Good Reasons to Vaccinate Children
The reasons why it is essential to vaccinate children and adolescents against COVID-19 even though they are less at risk for serious complications were nicely explained by three physicians in a New York Times op ed piece published July 4, 2021 and titled “Covid is a Greater Risk to Young People Than the Vaccines.” The risk of a hospitalization from COVID-19 infection, they point out, is still higher than from a complication from a COVID-19 vaccine. Also, whereas myocarditis/pericarditis almost always goes away by itself, some children who get COVID-19 infection develop complications like Multisystem Inflammatory Syndrome in Children or long-COVID-19 syndrome. “So far,” the three physician authors also note, “326 Americans age 17 and younger have died of Covid-19.”
There are serious epidemiological reasons for urging parents to get their children vaccinated. COVID-19 shows signs of sticking around. A survey conducted by the journal Nature found that most experts now believe that SARS-CoV-2 (the virus that causes COVID-19) has become an endemic virus, meaning it will persist in the population and continue to infect unvaccinated people. The more unvaccinated people there are, the greater will be the opportunity for the virus to mutate to strains that are resistant to vaccines. If we ever want to bring the pandemic under control, we cannot have a large population of people—in this case many children and adolescents—unvaccinated and serving as a pool of potentially infected hosts.

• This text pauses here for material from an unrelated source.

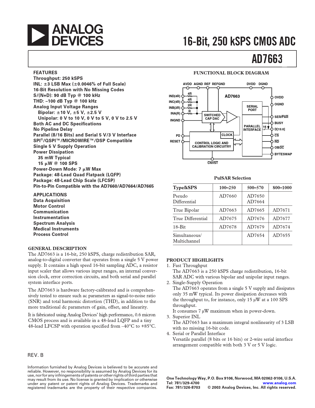 | Seiten / Seite | 25 / 1 — 16-Bit, 250 kSPS CMOS ADC. AD7663. FEATURES. FUNCTIONAL BLOCK DIAGRAM. … |

A small number of those children will get very sick and some will even die from COVID-19. Beyond that, the virus will have an opportunity to battle the immune system and learn how to evade it.
It is easy to see how the WHO guidance misleads people into thinking vaccinating children is unimportant. Epidemiologists, infectious disease experts, and immunologists all want to see everyone vaccinated as soon as possible including children; the WHO is giving advice that seems to undercut that wisdom. We doubt, of course, that experts at the WHO meant their guidance to be misinterpreted this way. Our complaint is that by now public health agencies at local, national, and international levels ought to understand that we are fighting an infodemic in which bad actors will pounce upon any piece of ambiguous advice or guidance they can find to craft misinformation. It is absolutely incumbent upon WHO and all of these agencies to think carefully about how their statements will be interpreted.